* **YOUR GOAL**: Apart from the pictures, the listing is to be returned exactly.

** Opening DATA BELOW block **

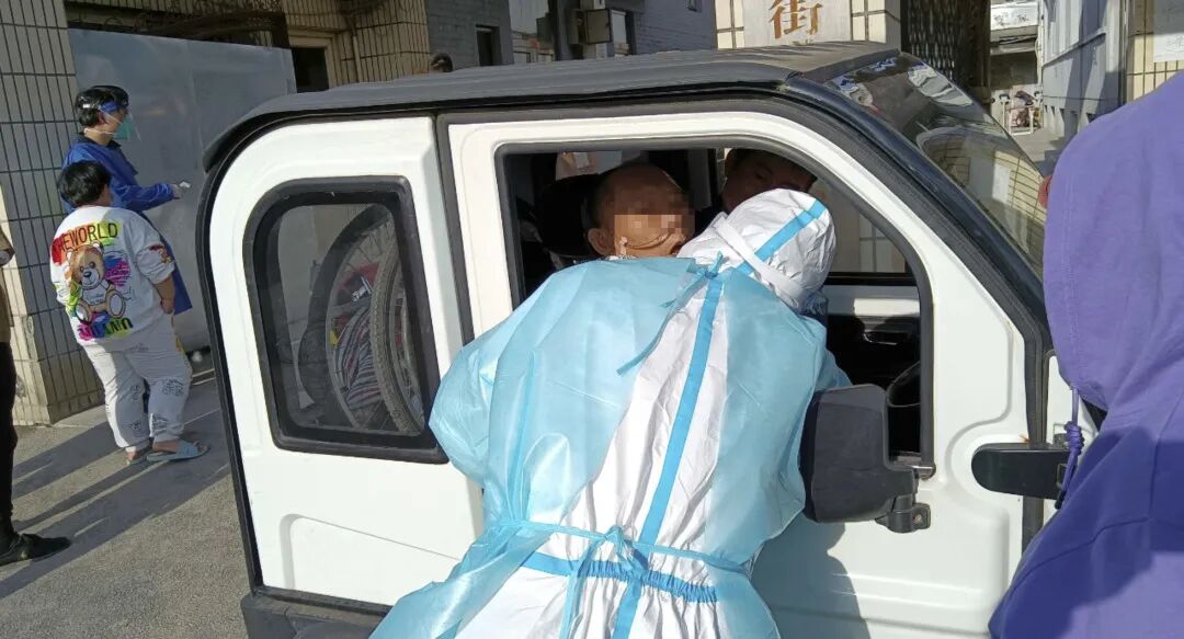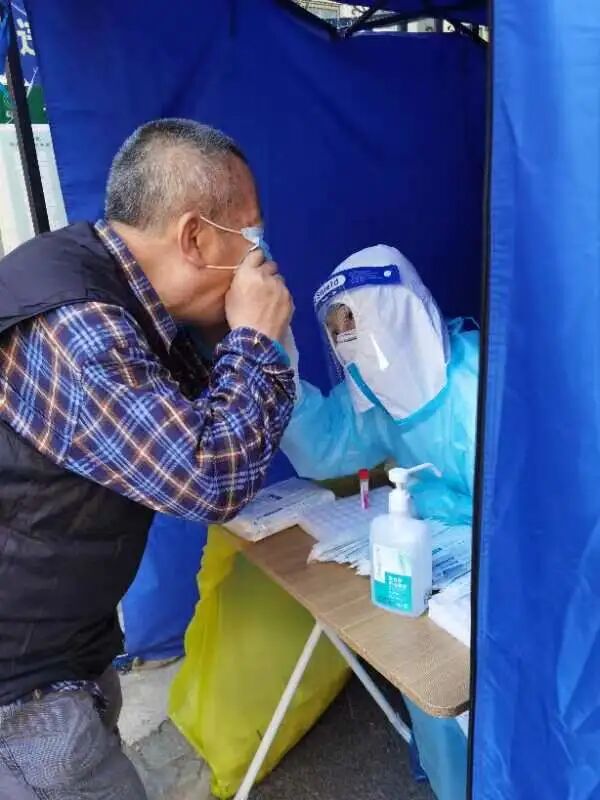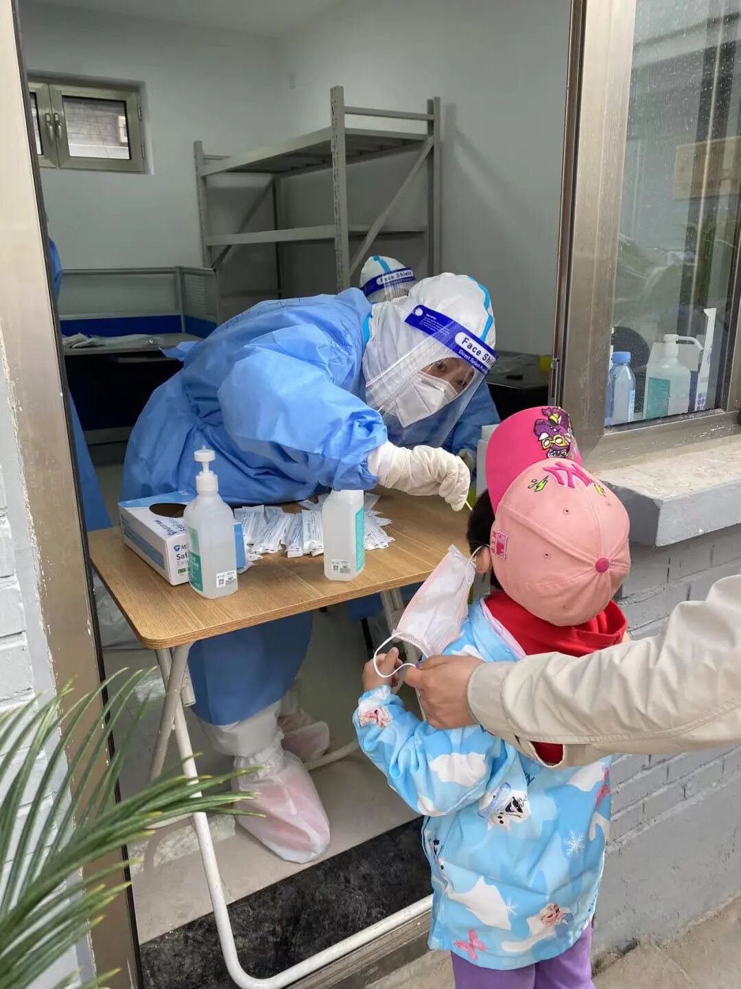 天坛街道办采样点,一名鼻腔插管、行动不便的老人来进行核酸检测。我院派出的采样小队成员,走出方寸,走近一步为老人采样,体现医者温度。采样点有很多小朋友,采样队员刘欣宇看出了小朋友的紧张,不停地和孩子聊天,动作轻柔,消除孩子的不安。
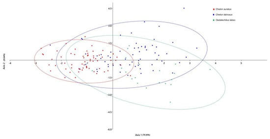 Linear Discriminant Analysis (LDA) of the sulcus acusticus computed between the species Chelon auratus, Chelon labrosus and Oedalechilus labeo. The LDA was based on selected sulcus acusticus parameters: sulcus acusticus area, sulcus acusticus perimeter, sulcus acusticus length, ostium area, ostium perimeter, ostium length, ostium width, cauda area, cauda perimeter, cauda length, cauda width, percentage of the otolith surface occupied by the sulcus (SS/OS, %), percentage of the sulcus length occupied by the cauda length (CL/SL, %) and percentage of the sulcus length occupied by the ostium length (OSL/SL, %). 95% probability ellipses are shown.
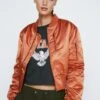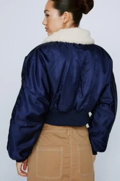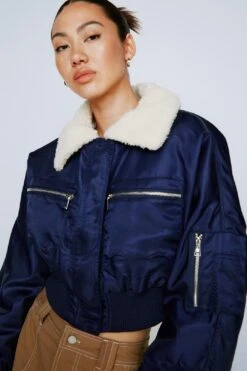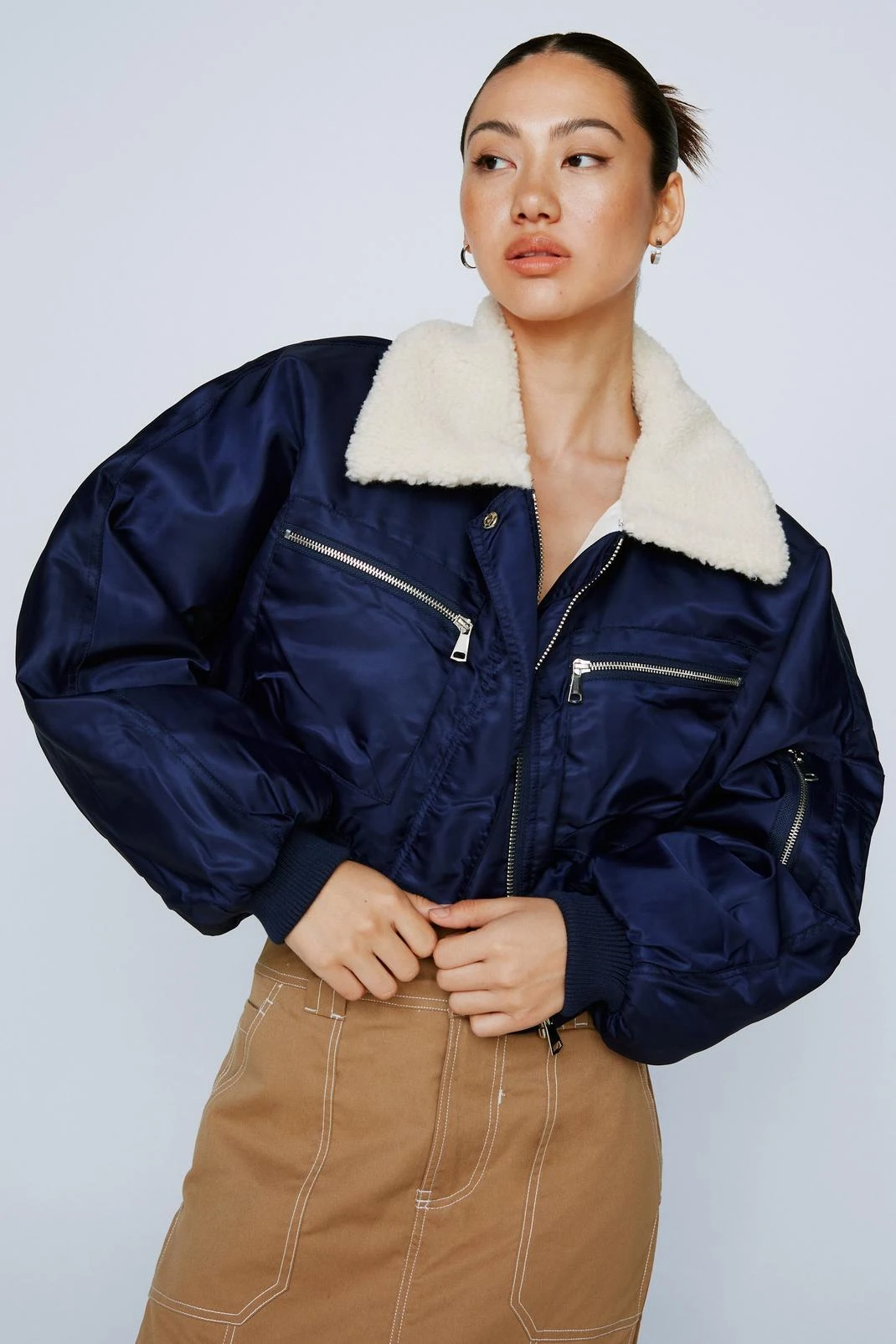 Prepare for take off. This bomber jacket comes in soft, silky fabric and features an oversized cropped silhouette that sits just above the hips, puff sleeves, zip-front closure, an oversized collar lined with cozy sherpa fabric, and zip detailing throughout. Throw on over a t-shirt and jeans to complete the look.
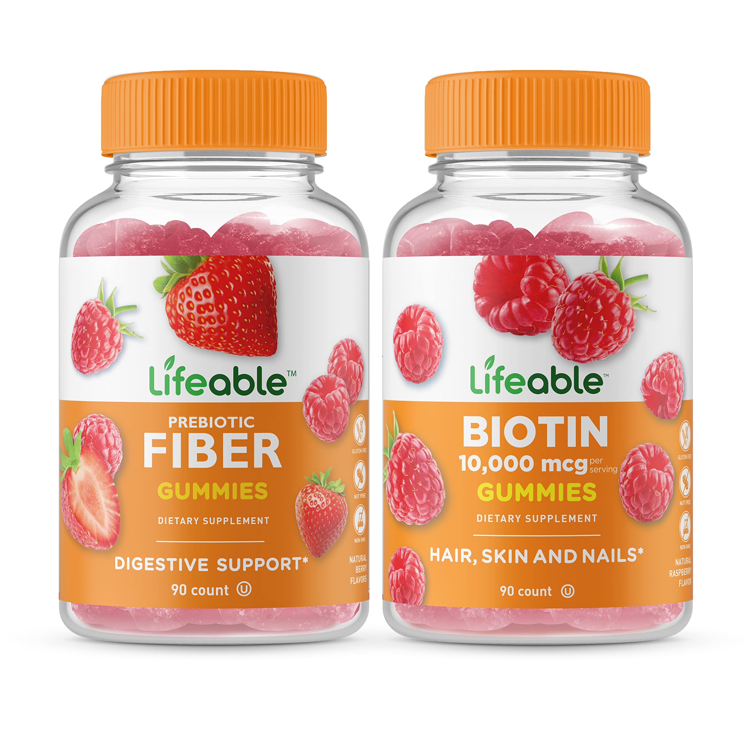 Lifeable Prebiotic Fiber 5g + Biotin Gummies Bundle - Great Tasting Vitamin Supplement Gluten Free GMO Free Chewable Gummy

** Closing DATA BELOW block **

* **REPLY**:
 天坛街道办采样点,一名鼻腔插管、行动不便的老人来进行核酸检测。我院派出的采样小队成员,走出方寸,走近一步为老人采样,体现医者温度。采样点有很多小朋友,采样队员刘欣宇看出了小朋友的紧张,不停地和孩子聊天,动作轻柔,消除孩子的不安。
 Linear Discriminant Analysis (LDA) of the sulcus acusticus computed between the species Chelon auratus, Chelon labrosus and Oedalechilus labeo. The LDA was based on selected sulcus acusticus parameters: sulcus acusticus area, sulcus acusticus perimeter, sulcus acusticus length, ostium area, ostium perimeter, ostium length, ostium width, cauda area, cauda perimeter, cauda length, cauda width, percentage of the otolith surface occupied by the sulcus (SS/OS, %), percentage of the sulcus length occupied by the cauda length (CL/SL, %) and percentage of the sulcus length occupied by the ostium length (OSL/SL, %). 95% probability ellipses are shown.
 Prepare for take off. This bomber jacket comes in soft, silky fabric and features an oversized cropped silhouette that sits just above the hips, puff sleeves, zip-front closure, an oversized collar lined with cozy sherpa fabric, and zip detailing throughout. Throw on over a t-shirt and jeans to complete the look.
 Lifeable Prebiotic Fiber 5g + Biotin Gummies Bundle - Great Tasting Vitamin Supplement Gluten Free GMO Free Chewable Gummy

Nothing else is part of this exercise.